Réalisatrice aussi rare que précieuse, Lucile Hadžihalilović nous avait habitué à des délais beaucoup plus long entre la sortie de chacun de ses films (rappelons quand même que onze ans séparaient Innocence et Evolution !). Découvrir son nouveau long-métrage quatre ans à peine après l’hypnotique Earwig ne pourra donc que réjouir les adeptes de ce cinéma unique en son genre et résolument à la marge de la production française contemporaine, ou au contraire exaspérer à juste titre ceux qui ne goûtent guère à ce genre de formalisme extrême et souvent proche de l’hermétisme (bon, au vu de ma note, je pense qu’il est inutile de préciser dans quel camp je me situe). Il n’est d’ailleurs pas inutile de supposer que la radicalité stylistique de la cinéaste, comme à son habitude, refroidira plus d’un exploitant et condamnera d’office La Tour de glace à ne pas franchir les cercles d’initiés. A moins que le marketing ne décide de se focaliser sur le fait que le film adapte le conte La Reine des neiges de Hans Christian Andersen, une stratégie risquée qui risque de faire salement déchanter les spectateurs se rendant en salle avec le classique Disney en tête.
Car ici, il n’est clairement pas question de pouvoir de l’amour, de chansons entraînantes et d’animaux rigolos. Si Hadžihalilović extrait du conte originel sa substantifique moelle, ce n’est que pour mieux l’adapter à son univers fait d’onirisme poétique, de lenteur hypnotique, et de cette sensation troublante de se retrouver piégé au sein d’un rêve (un cauchemar ?) dont il semble impossible de s’éveiller. A ce sujet, on ne pourra que louer la photographie de Jonathan Ricquebourg, déjà à l’œuvre sur Earwig, et qui participe grandement, aux côtés des sonorités mystérieuses composées par Etienne Haug et Ken Yasumoto, à l’inquiétante étrangeté imprégnant chaque seconde du film. Se basant sur le dernier chapitre de l’histoire d’Andersen, consacrée à la découverte par l’héroïne de la souveraine glaciale et solitaire dans son magnifique palais, la cinéaste transpose ces deux personnages dans les années 70, faisant de Gerda une jeune orpheline en fuite ayant trouvé refuge dans un studio de cinéma, et de la Reine des neiges l’actrice interprétant le rôle-titre dans l’adaptation du conte. Une démarche qui, loin de se limiter à une réflexion purement méta sur le cinéma, ne fait que brouiller davantage la frontière entre illusion et réalité, les deux s’imbriquant dans un jeu de miroirs permanent entre les différentes scènes (annoncé dès l’ouverture lors d’une séquence kaléidoscopique). Avec en prime un Gaspar Noé dans le rôle du réalisateur, et qui semble décidément beaucoup s’amuser, en témoigne Love, à apparaître à l’écran affublé d’un postiche impayable.

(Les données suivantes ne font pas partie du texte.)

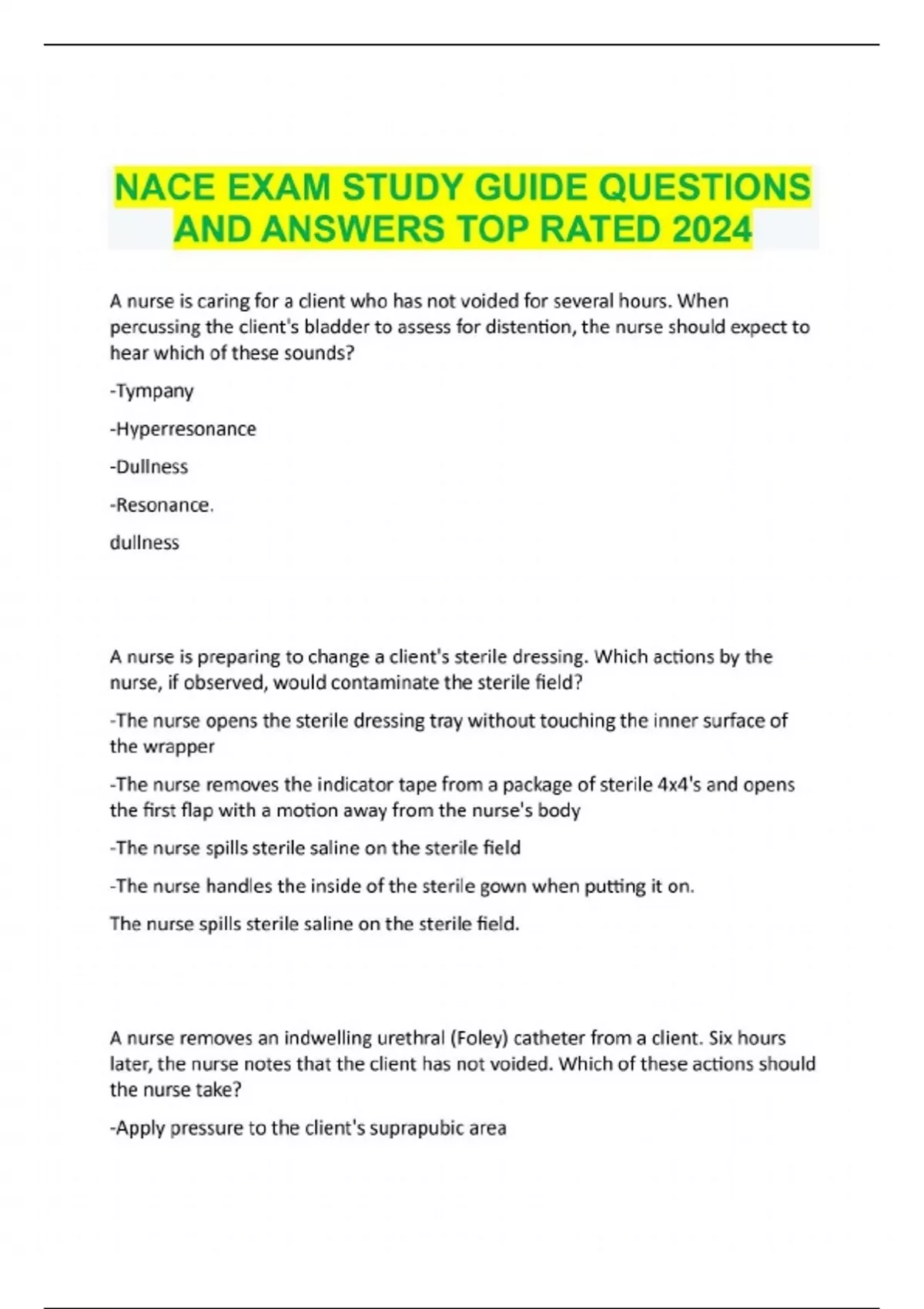 NACE EXAM STUDY GUIDE QUESTIONS AND ANSWERS TOP RATED 2024
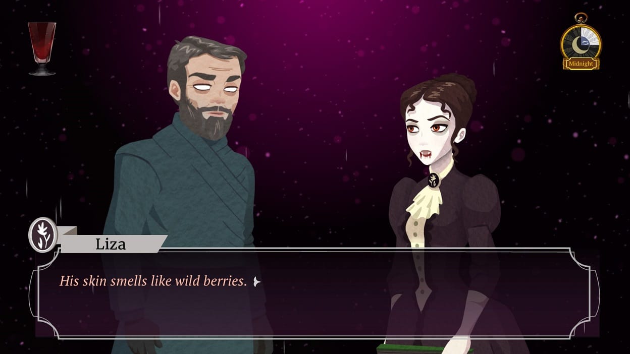 This essential cruelty is essential to the story of Cabernet, which leans heavily into the depictions of vampires as an aristocracy of the night. The Higher Society serves as an anal0gue of the gentry class of the late colonial period, with the humans standing in place of the serfs. Most of the side quests have Liza meddling in the sad affairs of individual humans, either for her own benefit and amusement or in the benign role of a humanitarian, but either way, it's clear that she's doing so as a person in a position of superiority. Ultimately, the player gets to choose who gets a happy ending and who continues to spiral down into despair.
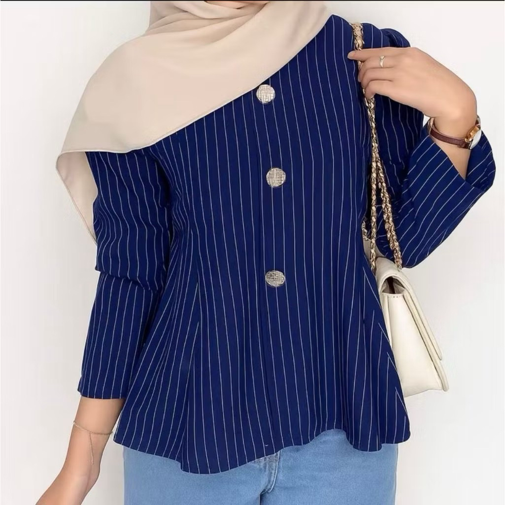 Arika Blouse Stripe Atasan Peplum Wanita Salur Lengan Puff Fit Body Fitted-Atasan Wanita Kekinian
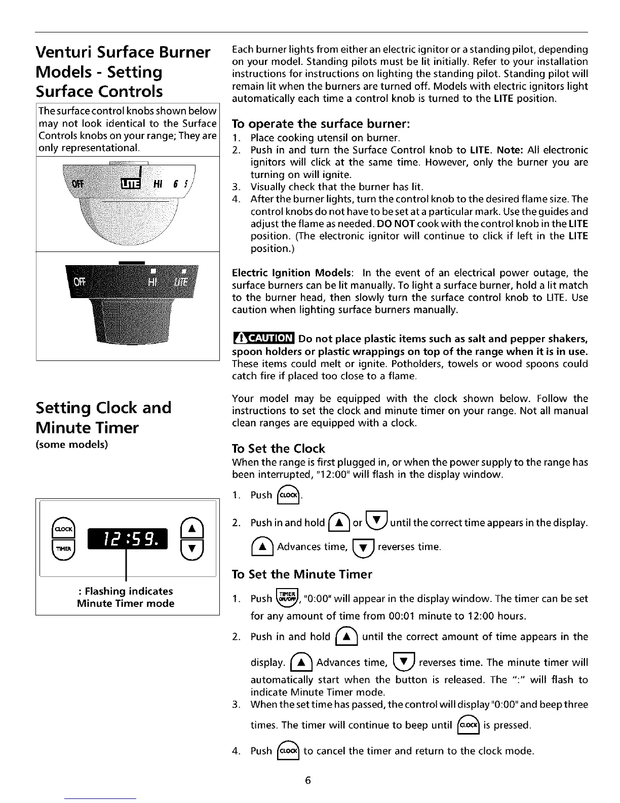 instructions to set the dock and minute timer on your range. Not all manual
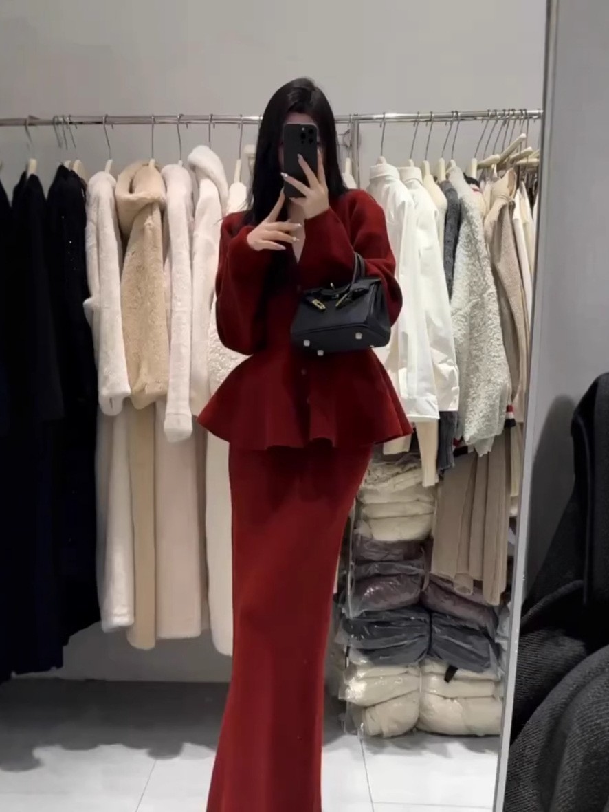高級韓国風トップス大人カジュアルファッショナブルでスリム女性用新年の赤いツーピースドレス秋冬
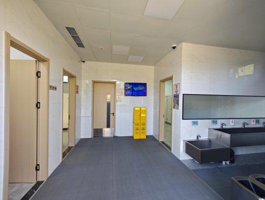 这座位于麦岛湾北侧,紧邻滨海步行道的公厕,圆润的造型搭配纯净白墙,玻璃窗户在阳光下折射出大海的澄澈蓝调,与小麦岛的自然景致浑然一体。内部设计更显贴心,独立第三卫生间解决特殊群体需求,24小时通风系统保障空气清新,智能显示屏实时更新温度、湿度、空气质量及剩余厕位,让等候不再盲目。24小时开放政策,充分满足市民游客不同时段的使用需求。据统计,淡季时公厕日客流量达600人次,旺季可攀升至1300人次。
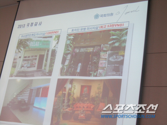 이날 오후 속행된 국감에서도 우슈협회는 핫이슈였다. 유은혜 민주당 의원은 아예 동영상을 공개했다. 우슈협회장 사진을 보여주자 베트남 호치민 마사지업소 종업원이 직접 "비오는 날 저녁에 이분과 4명이 함께 왔었다"고 증언했다. 김 회장은 거듭 "보고받지 못했다. 현재 감사중인 것으로 안다"라고 답변했다. 박위진 문체부 체육국장 역시 "우슈협회는 현재 감사중"이라고 확인했다. "신속한 감사를 진행해달라. 내부 단순정황이 아니라 이렇게 구체적인 물증까지 나와있다"는 말로 조속한 조치를 촉구했다. 사진, 동영상 등 잇단 증거가 제출되자 국감장 분위기는 후끈 달아올랐다. 안민석 민주당 의원은 의사진행 발언을 통해 "김 회장은 이에리사, 유은혜 의원이 제기한 의혹을 본인에게 확인한 후 사실일 경우 당장 관두라고 하셔야할 것"이라고 압박했다. "우슈협회장은 문체부 국장, 대한체육회 사무총장까지 지낸 분으로 알고 있다. 본인이 사실이 아니라고 하면 국감장에서 억울함에 대해 직접 해명할 기회를 드리는 게 맞을 것"이라고 주장했다. 전영지 기자 sky4us@sportschosun.com
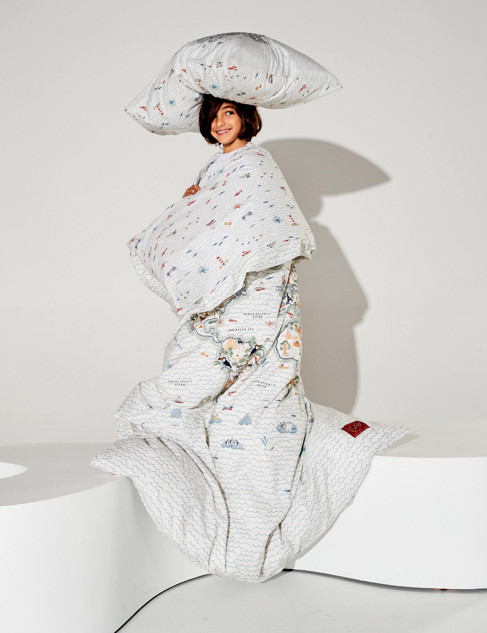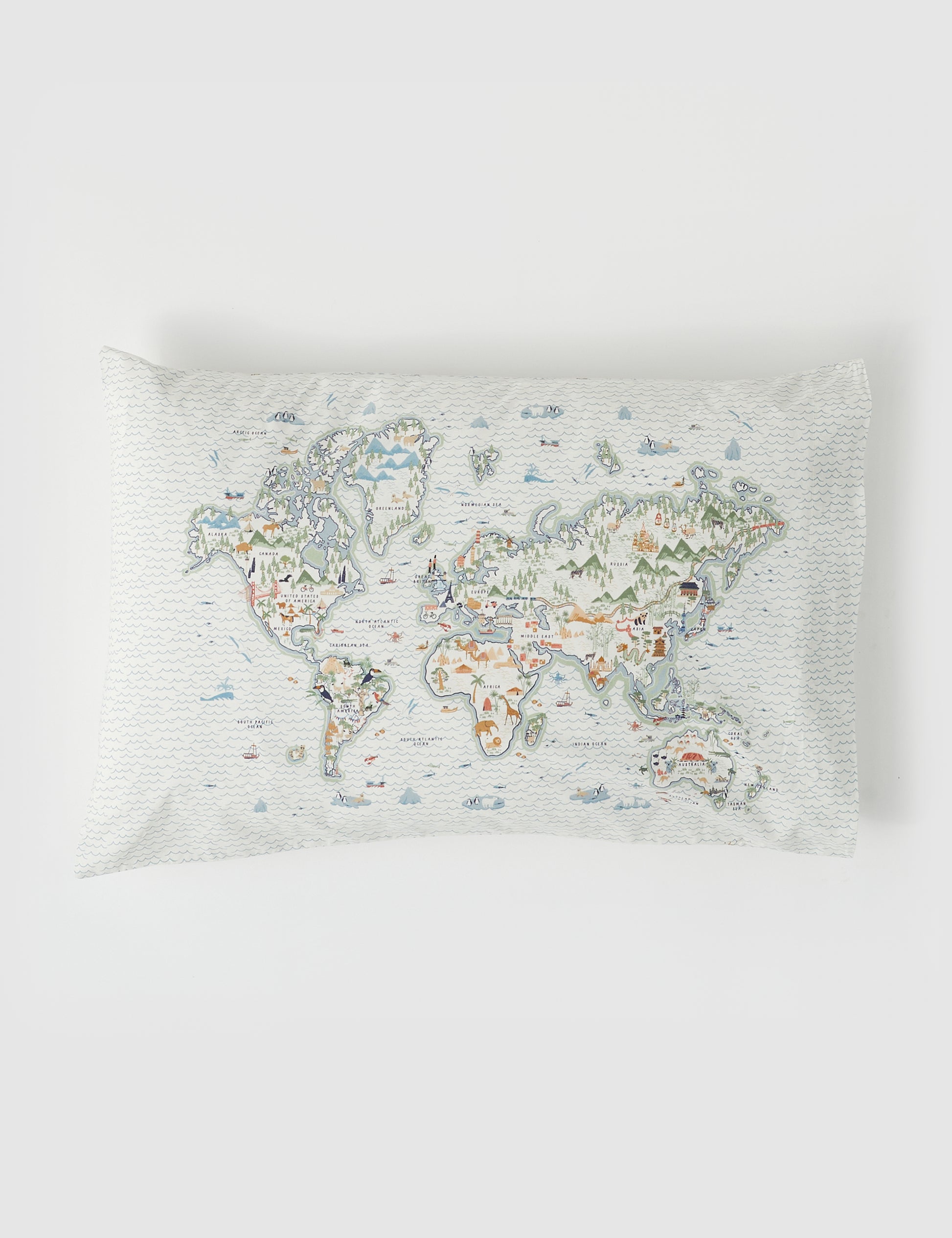 Our Oceania bedlinen features a nostalgic and colourful world map view for your little ones to explore the big wide world without ever leaving their bed. Handmade from 100% pure washed cotton. Reversed the deep blue sea.
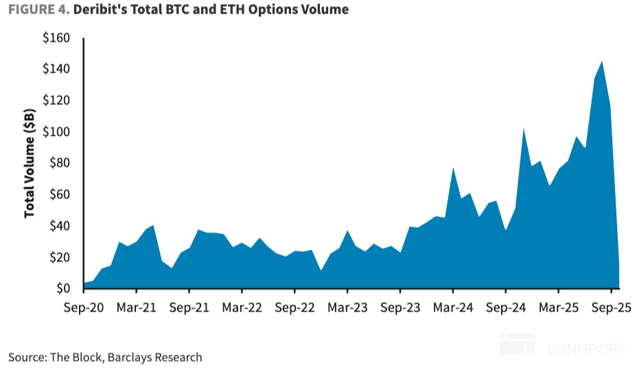 However, with the formal integration of Deribit, Coinbase is expected to fill this natural gap through derivatives trading, driving market share recovery. As shown in the chart below, the scale of derivatives trading in August and September was already significantly higher than before.
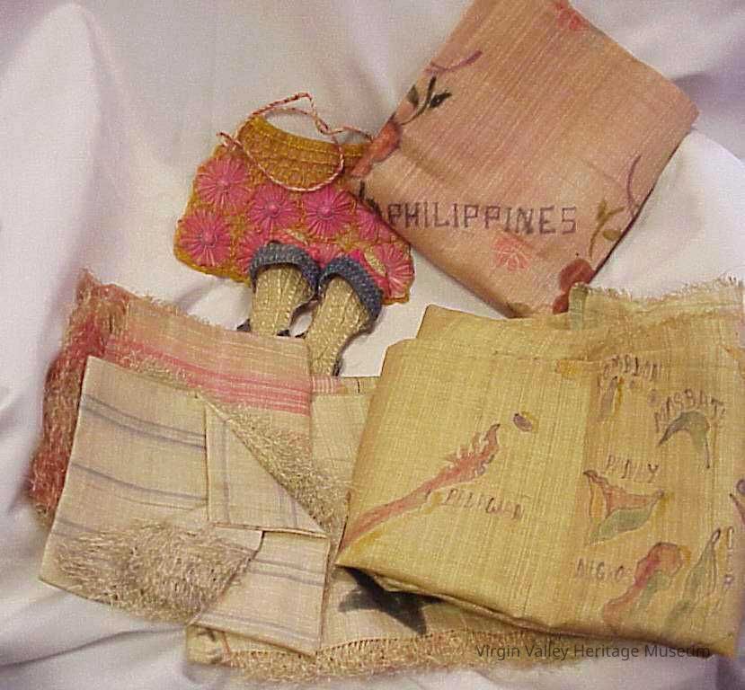Skirt, Sandals, Purse, Map, and Wall Hangings. Brought back home from the Philippines during World War II, by Stewart Pulsipher Material and maps in Display Q
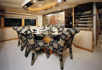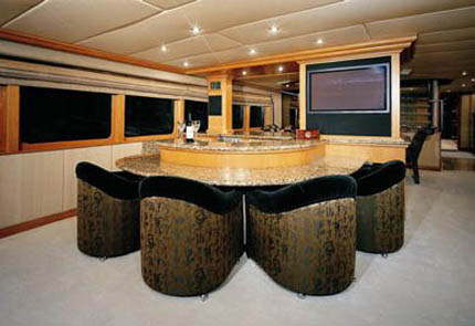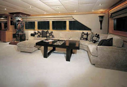 2014: Currently undergoing a major interior refit! New updates include: New carpet, new marble entry floor, new clear mirrored walls, new fabric on walls, new overheads, new led imtra lights, all woodwork stained darker, all sofas and chairs recovered, new bar chairs, new dining room set, new coffee table, removed brass from railings, hardwood floor in bridge, new dash layout with updated electronics, new radars, new exterior camera system, and exterior cushions being replaced. Upcoming updates include: New carpet in guest rooms, new wallpaper, new overheads, new bed linens, woodwork stained darker in guest cabins, bathroom floors, and cabinets updated, new imtra lighting, main salon window shades replaced, new artwork throughout yacht.
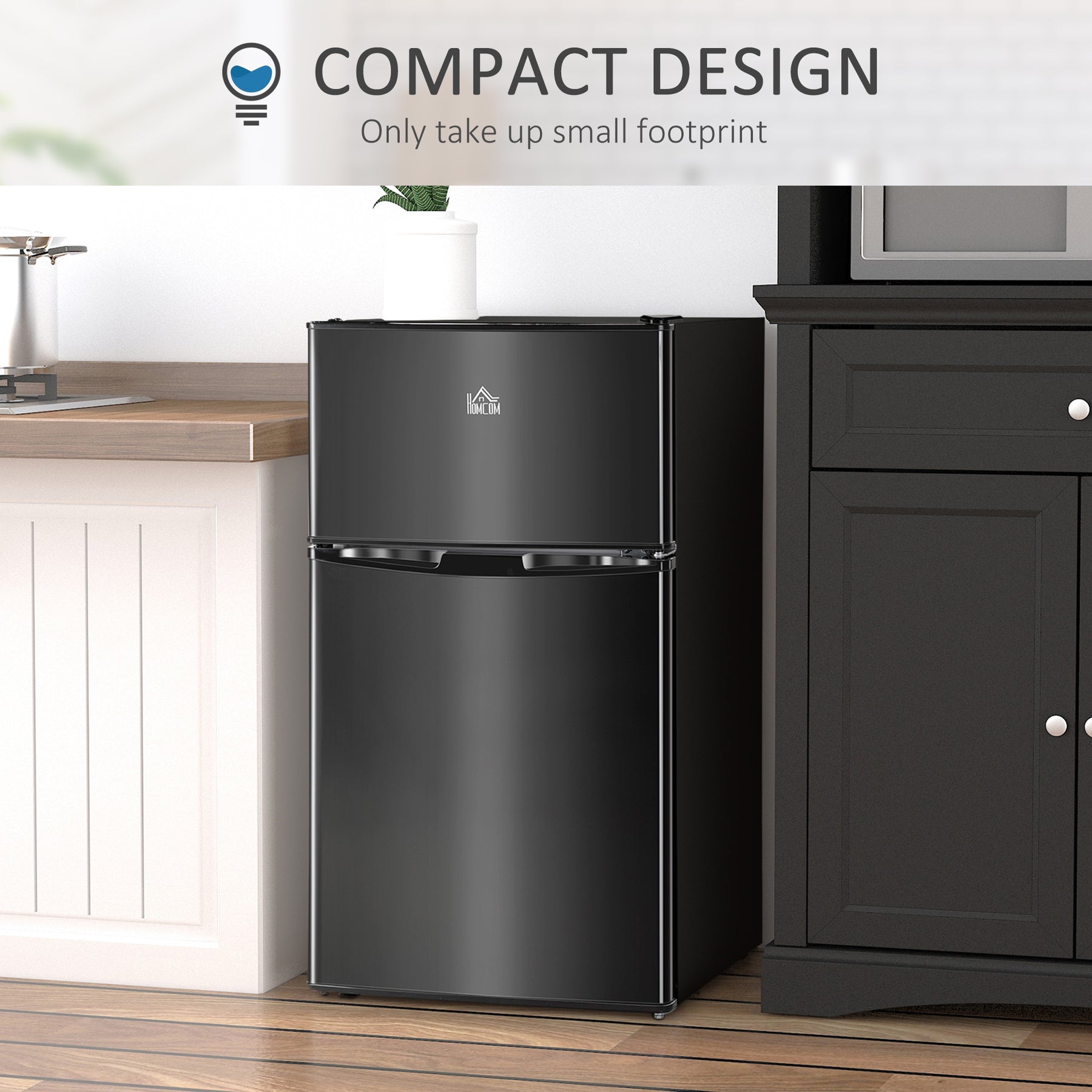 Even small spaces can accommodate fresh food with this HOMCOM under counter fridge freezer. Combining a 25L upper freezer and 63L lower fridge, you can safely store plenty of food and drinks. With two removable shelves, a crisper drawer, door racks and reversible doors, you have full control over how you use this fridge. Low-power and quiet under counter fridge — efficient and unobtrusive for any room.
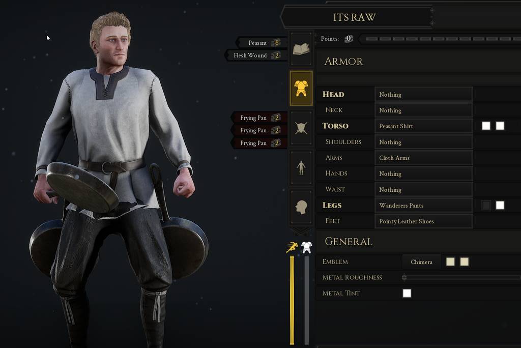 La padella non è infatti disponibile come arma di partenza. Per poterla utilizzare bisognerà caricare il proprio personaggio, successivamente cliccare sul menù Vantaggi in alto a sinistra e selezionare Contadino (vi costerà 8 punti). Ora potrete utilizzare solamente armi e armature tipiche dei contadini, tra cui anche la famigerata padella.

Au sein de cette splendeur esthétique, la réalisatrice se focalise sur l’interaction entre Jeanne (Clara Pacini dans son premier rôle) et Cristina, interprétée par Marion Cotillard, qui retrouve Hadžihalilović plus de vingt ans après Innocence, et dont le regard intense restitue à merveille le caractère insaisissable de son personnage et l’ambigüité de la relation l’unissant à la jeune fille. Entre projection maternelle, désir sexuel trouble, domination insidieuse, et allégorie du vampirisme, la cinéaste poursuit à travers ce lien la métaphore de la transition vers l’âge adulte, une thématique qu’elle n’a cessée de développer au cours de sa filmographie. Une œuvre finalement connectée dès ses débuts à l’univers des contes, partageant avec eux cette réflexion sur l’ambivalence du regard de l’enfant posé sur le monde extérieur, entre pureté de l’émerveillement et angoisse de la perte inéluctable de l’innocence.